Friday, February 15, 2019

Review: RAIN FALL

RAIN FALL by Ella West (Allen & Unwin, 2018)

Reviewed by Alyson Baker

I'm not running late like I usually am. Maybe that's why I look in the river, maybe that's why I stop when I see it. A dark-coloured raincoat, the arms spread wide, floating, hood-first down the river. And then it starts to rain.

Fifteen-year-old Annie needs to get to her basketball match, but the police have cordoned off her road. Is her neighbour, who she grew up with, still alive? What has he done to have the police after him? 

A murder investigation brings new people to Annie's wild West Coast town, including a dark-haired boy riding the most amazing horse she has ever seen. But Annie is wary of strangers, especially as her world is beginning to crumble around her. In setting out to discover the truth Annie uncovers secrets that could rip the small community apart.

RAIN FALL is set in rain-soaked Westport, amidst mine closures and the decline in dairy prices. The town in depressed; the residents trying to make the best of things. But when 15-year-old Annie misses an important basketball game when her mate’s house across the street blows up while surrounded by the Armed Offenders Squad, and it looks like her Dad’s job might be the latest victim of the Stockton Mine staff reductions, and when she meets a rodeo star, things are never the same again.

RAIN FALL is a YA novel, told from Annie’s point of view. She is a realistic young woman, describing what it is like to be one of her peers: “You are all just the same. You are all just nobodies.” And of living on the Coast “This is the West Coast, … Anything can happen tomorrow. We take what we can get today.” Her descriptions of Westport are great, when asked when the wet season is: “It starts about the first of August and goes through until about the end of July”, and if the Buller River floods “Nothing survives if caught in its waters”.

So, a great environment to set a mystery, the young lad who blew up his house is generally thought to not be capable of hurting anyone: “Doesn’t sound like the Pete we know.” And the townsfolk keep information close, they are a besieged lot, they are pro-mining, pro-hunting, and not just anti ecological activists but pro Rimu-logging. Annie has picked up the secrecy bug and fails to tell her parents several things, including her knowledge of vital clues, and about her relationship with Jack, the rodeo star she meets on the beach while riding Blue, her horse – and yes, we are in pro-rodeo territory as well.

Once Annie and Jack meet, we are in a real YA romance novel; first kisses, mistaken beliefs, not knowing whether to trust or divulge secrets. Jack’s father is the detective sent up from Christchurch to find the missing Pete (no human remains being found in what’s left of his house), as well as blowing up his house Pete is known to have shot up the local Police station.

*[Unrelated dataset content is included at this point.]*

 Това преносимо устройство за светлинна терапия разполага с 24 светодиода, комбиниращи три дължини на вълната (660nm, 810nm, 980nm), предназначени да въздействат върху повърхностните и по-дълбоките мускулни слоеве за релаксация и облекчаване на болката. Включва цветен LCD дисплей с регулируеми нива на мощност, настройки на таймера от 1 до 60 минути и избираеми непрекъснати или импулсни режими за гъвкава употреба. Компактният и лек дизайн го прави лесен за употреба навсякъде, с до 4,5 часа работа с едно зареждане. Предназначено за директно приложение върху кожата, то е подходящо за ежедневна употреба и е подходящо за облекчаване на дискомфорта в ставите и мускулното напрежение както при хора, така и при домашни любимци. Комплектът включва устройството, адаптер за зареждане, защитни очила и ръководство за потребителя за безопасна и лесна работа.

And Jack’s dad is also there to solve a suspected murder that is somehow connected with the explosion. The Police think maybe a drug deal gone wrong, but they are struggling finding out what has happened.  And all we know is via the conversations Annie overhears, or the things she works out, or that she sees on TV between reports of conflicts in Syria and Iraq.

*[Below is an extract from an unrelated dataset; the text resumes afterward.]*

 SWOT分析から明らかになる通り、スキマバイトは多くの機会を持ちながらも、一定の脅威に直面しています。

The Coast is a real character in the story, and its history is hauntingly evoked: People struggling on farms their families have been on for over a hundred years, the moving roll call of mining disasters, and the five layers of wall paper coming down in Annie’s house, in preparation should they have to move.  Annie has been in Westport forever, but her parents only moved there when she was a baby, so they are much more comfortable about moving should her father lose his job, while Annie is in a state of trauma about a possible move. She is a young woman amidst a whole lot of change, and she makes some quite rash decisions that get her, and Jack, into danger.

RAIN FALL is a love story, a murder mystery, a thriller, a book for horse-lovers, but what I most liked about it was its portrait of a town struggling with massive social change, and the character of Annie, she can ride, she can shoot (guns and basketball goals) and yet she has a lovely teenage fragility. It is a YA novel but is a good read for older people too!